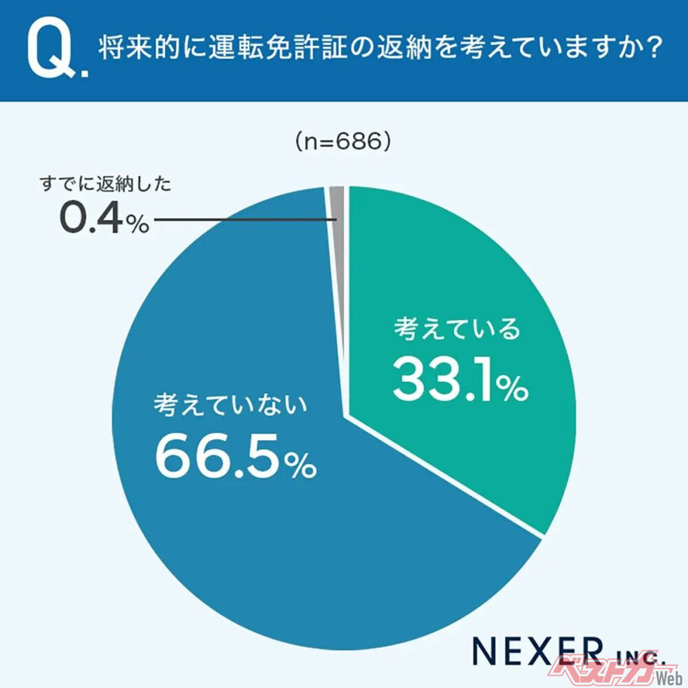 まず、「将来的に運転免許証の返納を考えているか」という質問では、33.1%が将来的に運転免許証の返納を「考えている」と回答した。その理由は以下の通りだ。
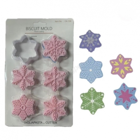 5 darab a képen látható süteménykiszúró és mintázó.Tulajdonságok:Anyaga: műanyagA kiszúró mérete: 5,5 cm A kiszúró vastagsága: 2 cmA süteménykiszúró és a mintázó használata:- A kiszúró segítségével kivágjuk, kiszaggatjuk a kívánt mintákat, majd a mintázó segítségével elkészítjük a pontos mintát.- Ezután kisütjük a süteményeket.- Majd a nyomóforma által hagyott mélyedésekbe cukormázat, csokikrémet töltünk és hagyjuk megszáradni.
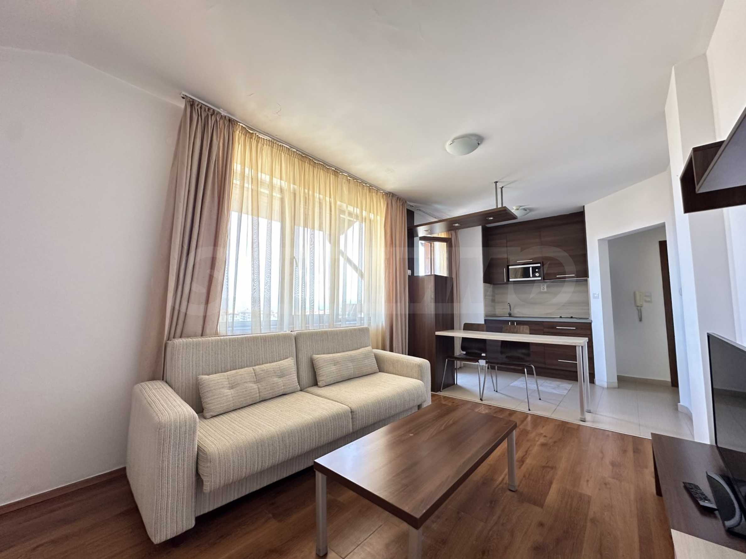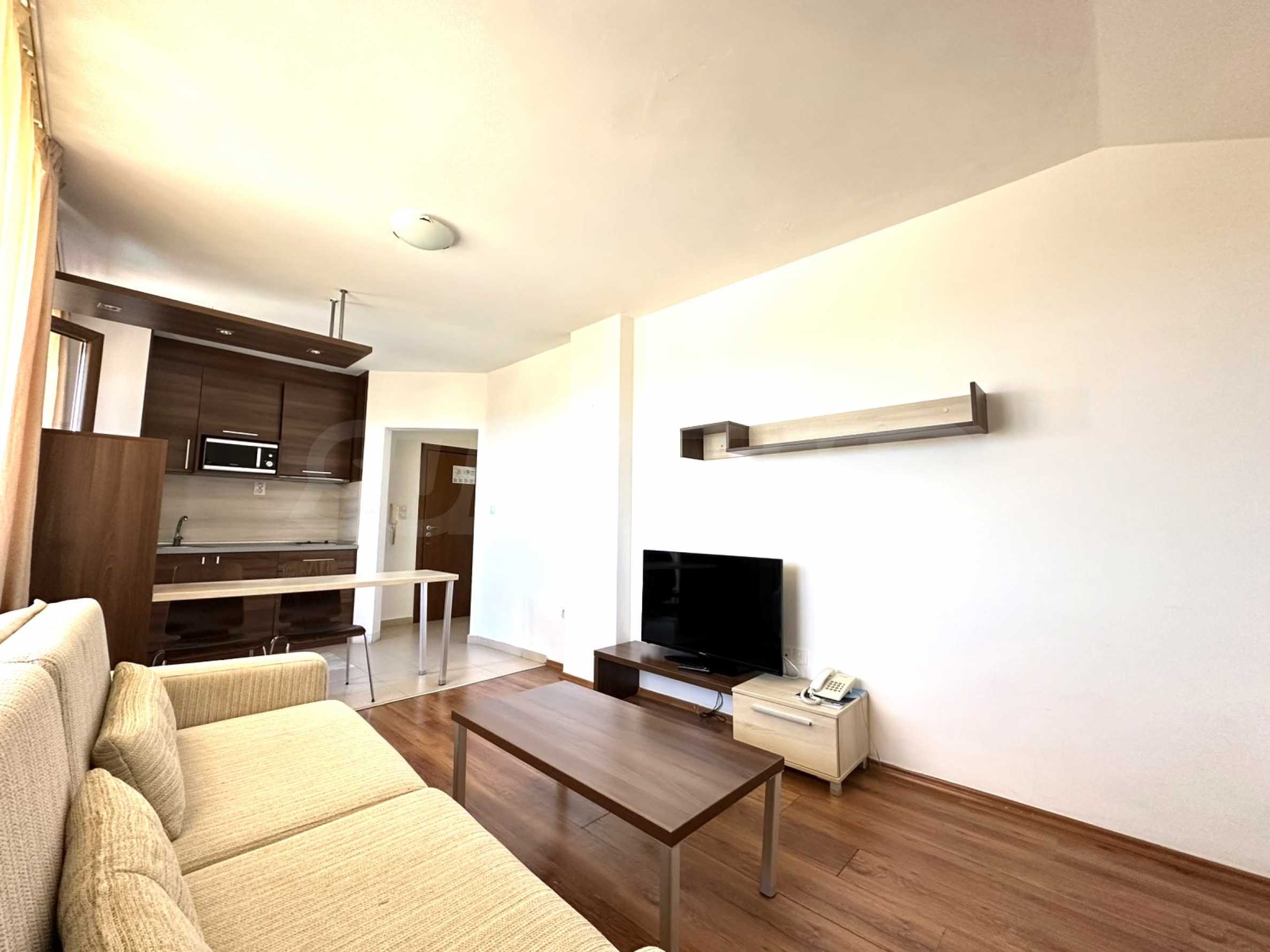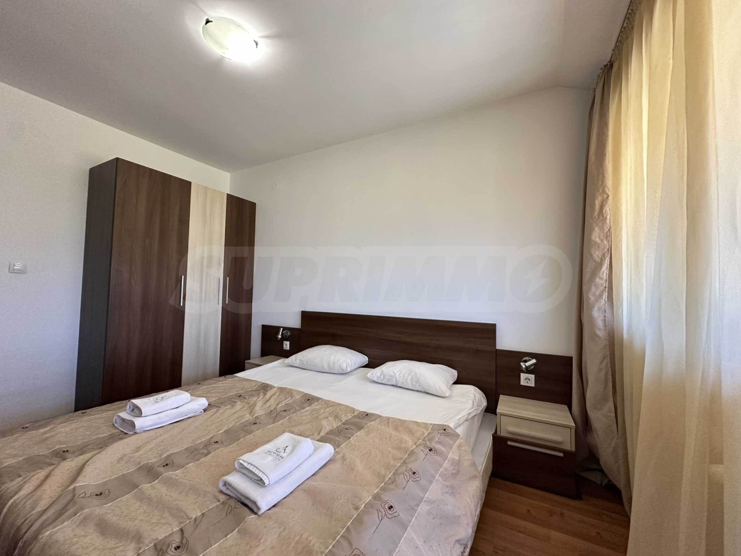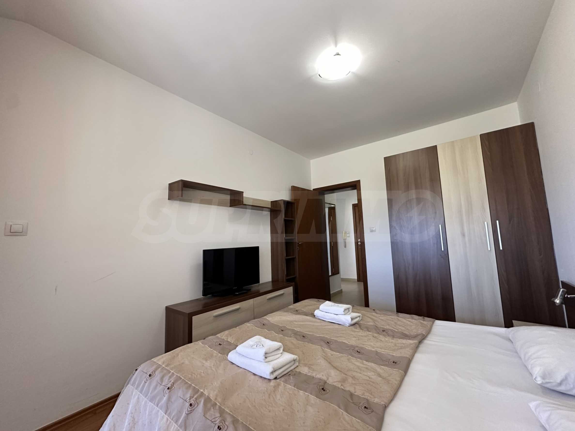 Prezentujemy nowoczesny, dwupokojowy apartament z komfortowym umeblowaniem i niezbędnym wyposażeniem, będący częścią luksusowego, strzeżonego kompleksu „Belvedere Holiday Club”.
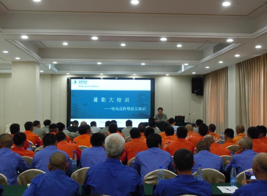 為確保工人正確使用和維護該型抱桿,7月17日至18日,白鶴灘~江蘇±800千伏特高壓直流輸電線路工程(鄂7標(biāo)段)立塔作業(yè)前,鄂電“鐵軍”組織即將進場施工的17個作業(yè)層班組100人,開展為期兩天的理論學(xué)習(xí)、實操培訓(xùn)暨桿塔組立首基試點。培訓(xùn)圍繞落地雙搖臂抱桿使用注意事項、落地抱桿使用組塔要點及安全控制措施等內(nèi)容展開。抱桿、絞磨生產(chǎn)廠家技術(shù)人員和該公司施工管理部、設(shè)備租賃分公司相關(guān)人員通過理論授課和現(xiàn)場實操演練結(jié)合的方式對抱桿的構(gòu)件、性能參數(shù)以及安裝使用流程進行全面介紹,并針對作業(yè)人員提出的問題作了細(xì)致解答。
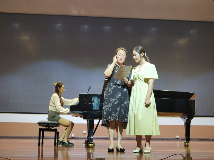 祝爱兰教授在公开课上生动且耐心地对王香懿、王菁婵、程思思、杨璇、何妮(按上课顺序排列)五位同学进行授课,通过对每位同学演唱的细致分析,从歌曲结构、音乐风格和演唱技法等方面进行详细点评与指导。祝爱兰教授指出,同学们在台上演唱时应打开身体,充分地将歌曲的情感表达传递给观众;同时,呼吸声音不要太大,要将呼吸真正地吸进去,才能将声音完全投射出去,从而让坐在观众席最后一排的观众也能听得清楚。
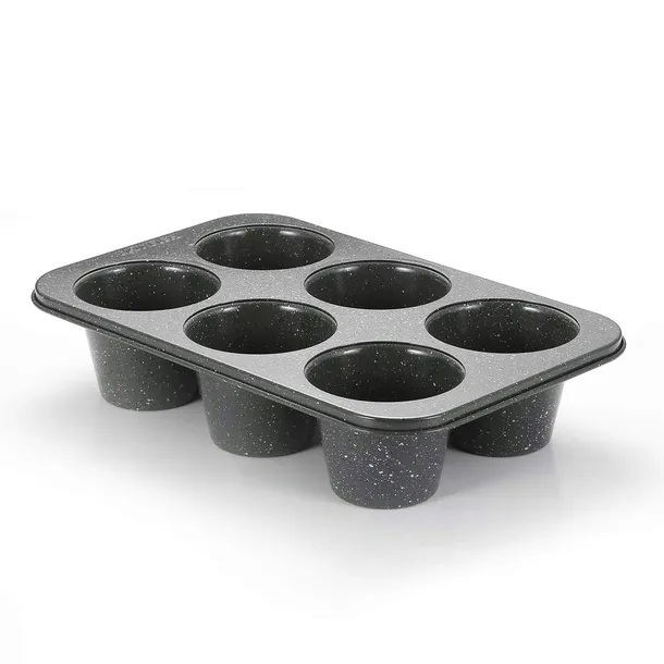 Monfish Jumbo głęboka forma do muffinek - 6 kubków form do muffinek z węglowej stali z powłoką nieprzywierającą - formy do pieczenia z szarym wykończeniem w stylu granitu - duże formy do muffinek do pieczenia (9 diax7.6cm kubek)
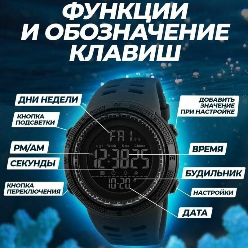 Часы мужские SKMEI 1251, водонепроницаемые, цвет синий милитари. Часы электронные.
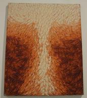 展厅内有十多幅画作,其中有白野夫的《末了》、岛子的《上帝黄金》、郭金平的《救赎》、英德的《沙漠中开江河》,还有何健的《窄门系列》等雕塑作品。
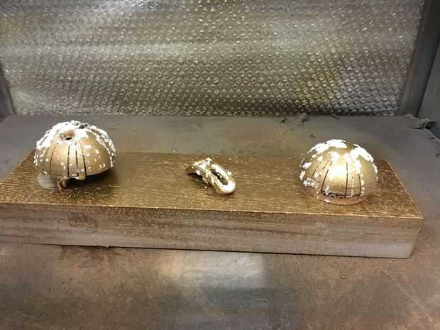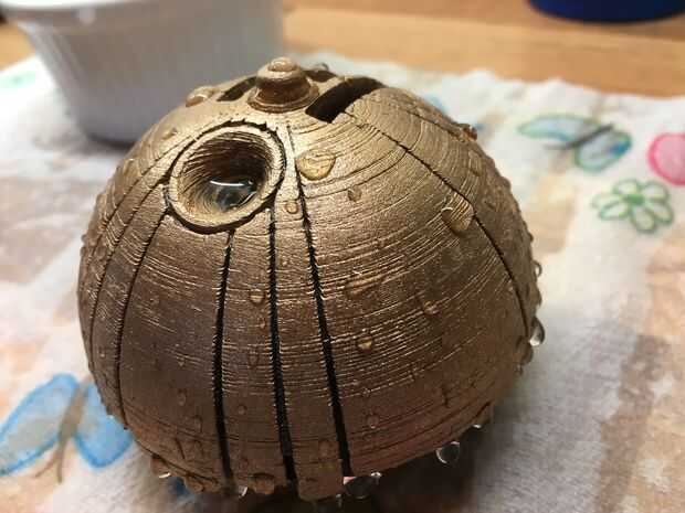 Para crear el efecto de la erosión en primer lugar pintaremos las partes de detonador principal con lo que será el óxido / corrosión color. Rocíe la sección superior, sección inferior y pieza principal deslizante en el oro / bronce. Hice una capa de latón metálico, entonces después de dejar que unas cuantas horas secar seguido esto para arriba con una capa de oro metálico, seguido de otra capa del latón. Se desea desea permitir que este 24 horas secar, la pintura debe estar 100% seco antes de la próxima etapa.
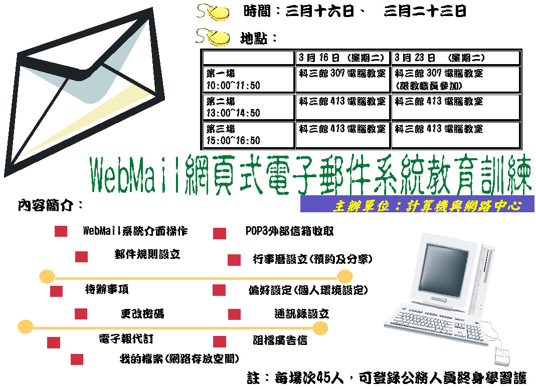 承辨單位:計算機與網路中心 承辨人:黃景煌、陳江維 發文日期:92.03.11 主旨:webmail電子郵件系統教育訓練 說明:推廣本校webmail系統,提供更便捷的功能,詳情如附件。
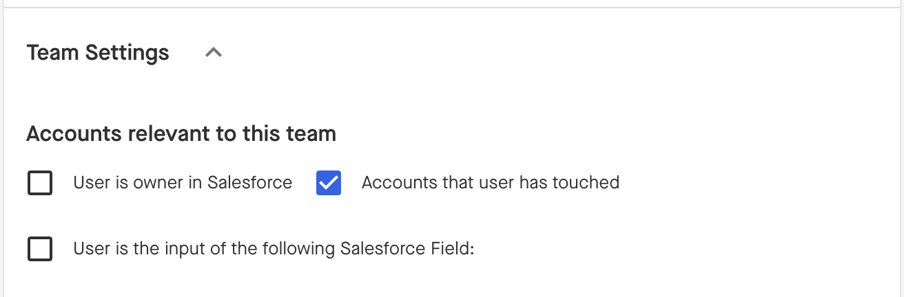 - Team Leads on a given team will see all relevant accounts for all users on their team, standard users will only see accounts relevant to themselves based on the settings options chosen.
- - -
(What is being asked) Above are some records; extract exactly the lines from the one containing "展厅内有十多幅画作,其中有白" through the one containing "承辨單位:計算機與網路中心 承辨人:黃景煌、陳江維 發文日期:92.03.11" and drop the pictures.

(Answer for this exercise)
 展厅内有十多幅画作,其中有白野夫的《末了》、岛子的《上帝黄金》、郭金平的《救赎》、英德的《沙漠中开江河》,还有何健的《窄门系列》等雕塑作品。
 Para crear el efecto de la erosión en primer lugar pintaremos las partes de detonador principal con lo que será el óxido / corrosión color. Rocíe la sección superior, sección inferior y pieza principal deslizante en el oro / bronce. Hice una capa de latón metálico, entonces después de dejar que unas cuantas horas secar seguido esto para arriba con una capa de oro metálico, seguido de otra capa del latón. Se desea desea permitir que este 24 horas secar, la pintura debe estar 100% seco antes de la próxima etapa.
 承辨單位:計算機與網路中心 承辨人:黃景煌、陳江維 發文日期:92.03.11 主旨:webmail電子郵件系統教育訓練 說明:推廣本校webmail系統,提供更便捷的功能,詳情如附件。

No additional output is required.